O
governo Lula teve um dies horribilis nesta terça-feira, durante a sessão
conjunta do Congresso Nacional que analisou vários vetos presidenciais, do
atual presidente e de seu antecessor. As lideranças do governo no Legislativo
até tentaram minimizar o estrago, afirmando que muitos vetos de Lula acabaram
mantidos, mas o fato é que nos temas mais importantes o governo e a esquerda
saíram derrotados, tanto com a derrubada de vetos de Lula quanto com a
manutenção de um veto de Jair Bolsonaro. Até mesmo a aprovação, pela Câmara, da
taxação de 20% sobre compras do exterior inferiores a US$ 50 acabou saindo cara
ao Planalto, já que deixou insatisfeitos os consumidores (que terão de pagar
mais), as plataformas de comércio eletrônico (cujas vendas podem cair) e os
varejistas nacionais (que não conseguiram emplacar a alíquota desejada).
Um
dos vetos de Lula derrubados na terça-feira foi o que retirou trechos da lei
que acabava com as “saidinhas” de presos em datas comemorativas, da forma como
ocorriam até a aprovação da lei, em março deste ano. O projeto fora aprovado
com maioria avassaladora em ambas as casas, inclusive com o voto de alguns
petistas e membros de outros partidos de esquerda, algo que se repetiu nesta
terça-feira: no PT, a deputada gaúcha Maria do Rosário e o senador capixaba
Fabiano Contarato apoiaram a derrubada do veto; parlamentares de PDT, PSB e
PCdoB também votaram dessa forma.

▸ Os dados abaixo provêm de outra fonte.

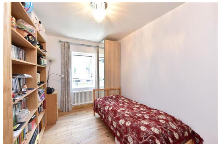
WHITEADDER WAY, ISLE OF DOGS, E14 £2,600 PCM

A “saidinha” nos moldes antigos, por mais
bem-intencionados que fossem seus formuladores, havia se mostrado uma prática
falida, uma porta de saída para criminosos voltarem ao mundo do crime sem terem
pago sua dívida com a sociedade – uma minoria deles, é verdade, mas o
suficiente para atestar o equívoco dessa política de ressocialização.
Mas
a decisão mais importante desta terça-feira, por todo o contexto de apagão da
liberdade de expressão em curso no Brasil, foi a manutenção de um veto de Jair
Bolsonaro a um trecho da Lei de Crimes Contra o Estado Democrático de Direito,
em 2021. O dispositivo vetado criaria um crime de “comunicação enganosa em
massa”, punindo com até cinco anos de prisão quem “promover ou financiar,
pessoalmente ou por interposta pessoa, mediante uso de expediente não fornecido
diretamente pelo provedor de aplicação de mensagem privada, campanha ou
iniciativa para disseminar fatos que sabe inverídicos, e que sejam capazes de
comprometer a higidez do processo eleitoral”. Às vésperas da sessão de análise
dos vetos, especialistas em liberdade de expressão voltaram a chamar a atenção
para a redação bastante aberta – e, por isso, imprecisa – do trecho: bastaria
compartilhar uma informação falsa para ser condenado, ou só o criador do boato
seria responsabilizado? O que significaria “saber” que algo é inverídico? Se
Bolsonaro houvesse sancionado este trecho, ou se o veto fosse derrubado na
terça-feira, estaria estabelecida previsão legal para uma perseguição que, a
bem da verdade, já existe graças a uma aliança entre Executivo e Judiciário,
mas que hoje ocorre à revelia da lei.
Felizmente,
no entanto, o chamado “veto da liberdade” foi mantido por ampla margem: 317
deputados foram favoráveis, 60 a mais que o mínimo necessário, o que dispensou
a apreciação pelos senadores. Ao contrário do que ocorrera com o caso da
“saidinha”, a esquerda não contribuiu para a manutenção do veto, com a exceção
de um deputado do PDT, mas os partidos do Centrão, mesmo aqueles com cargos no
primeiro escalão de Lula, deram maciço apoio à oposição, percebendo as
potenciais consequências – especialmente em ano eleitoral – de adotar certas
posturas nos temas de costumes ou relativos à liberdade de expressão.
Isso
explica, também, o fato de 309 deputados e 47 senadores terem derrubado outro
veto de Lula, desta vez à lei orçamentária. Com a derrubada, fica proibido o
uso de dinheiro público para incentivar ou promover a invasão ou ocupação de
propriedades rurais privadas; a realização de abortos não permitidos em lei;
cirurgias para troca de sexo de crianças e adolescentes; ações que possam
influenciar “crianças e adolescentes a terem opções sexuais diferentes do sexo
biológico”; e ações tendentes a desconstruir, diminuir ou extinguir o conceito
de família tradicional, formado por pai, mãe e filhos.